Я прикинул на глаз и счёт толстобревенный, мощный, богатырски кладенный, сруб, так непохожий на обычную карточную стройку современной Восточной Сибири, и, — зная своего собеседника за человека страшно скупого и к удобствам житейским уж куда невзыскательного, — немало подивился.

— Не пожалели вы тогда деньжонок, Вавило Кузьмич!

— Помилуйте, — возразил он, — какие деньги? Плотничьей артели не брали, своими руками ставили… нас было семь братьев, фамилия огромаднейшая!..

— А материал? Такому лесу должна быть большая цена. Конечно двадцать лет — изрядный срок, но теперь брёвен, вашим подобных, уже нигде и ни за какие деньги не найти… Я намедни ходил на Протоку (рукав Енисея), смотрел плоты: совсем не стало хорошего лесу с верховьев. Двойничина да слегка, кряжики самые слабые… За ваше бревно сейчас надо отдать большие рубли.

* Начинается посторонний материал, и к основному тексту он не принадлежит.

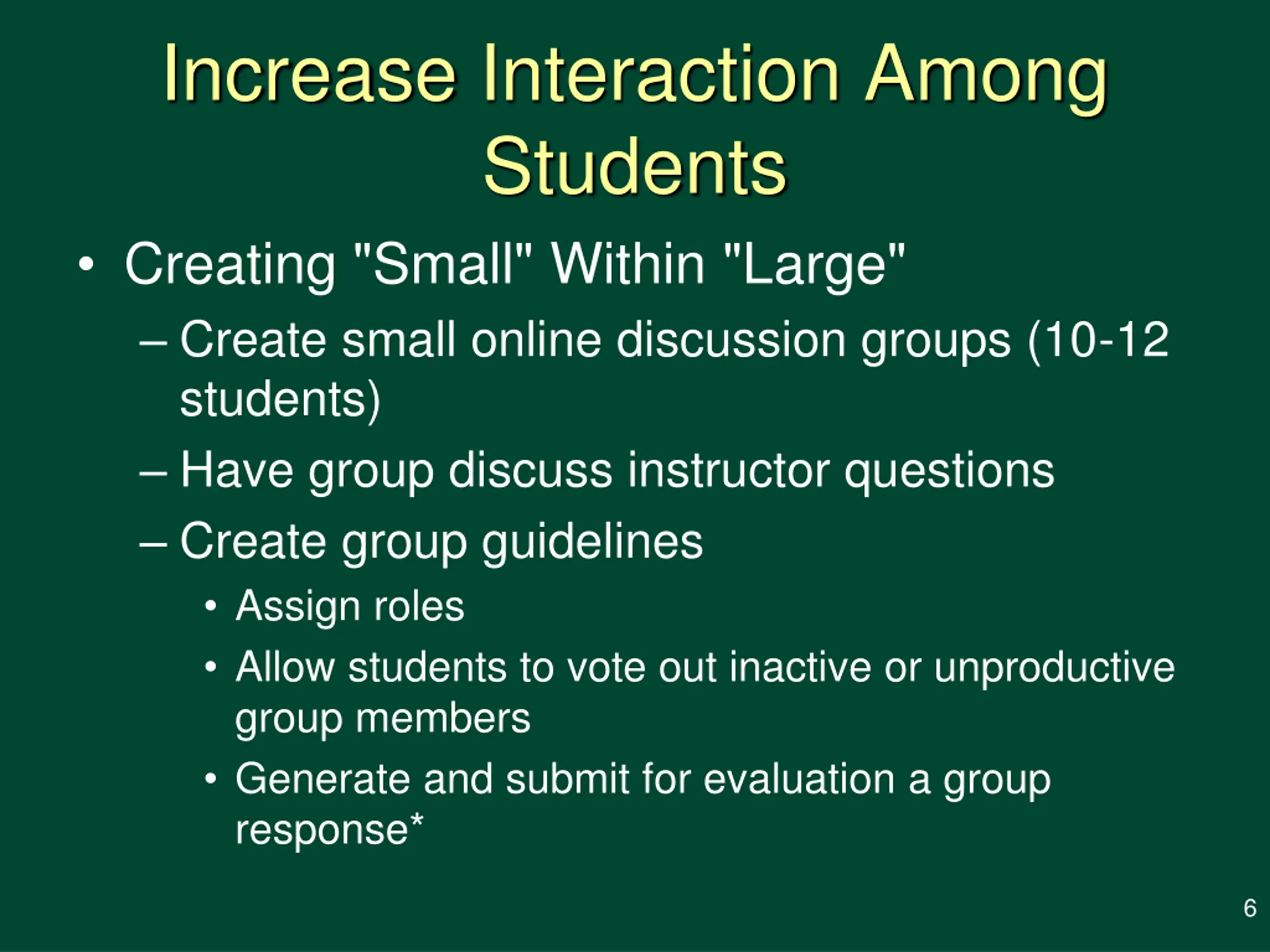 Increase Interaction Among Students Creating "Small" Within "Large" Create small online discussion groups (10-12 students) Have group discuss instructor questions Create group guidelines Assign roles Allow students to vote out inactive or unproductive group members Generate and submit for evaluation a group response* 6

Вавило Кузьмич отставил в сторону стакан с блюдечком, вздохнул, отдулся и сказал:

— Моё бревно не с верха.

— Не с низа же? — засмеялся я. — Против течения Енисей плотов как будто ещё не поднимает!

— Здешняя лесина, не привозная. Дом мой срублен на том самом месте, где теперь стоит.

Я широко открыл глаза. И было чему изумиться: около Минусинска на девять вёрст окружности не найти ни одного теневого дерева, на двадцать — рощицы, способной дать хоть пяток саженей дров, а до строевого леса, то есть до тайги за Означенным, считается сто двадцать вёрст.

— Да, батюшка! — многозначительно подмигнув, сказал купец. — То-то вот и оно-то! Было лесное времячко, да прошло! Двадцать лет тому назад на площади, где теперь базар и Пашенных вывел кирпичную домину с зеркальными окнами, было отличное охотничье болото. Наша старая хибара стояла с краю, и случалось мне самому стрелять диких уток из окна.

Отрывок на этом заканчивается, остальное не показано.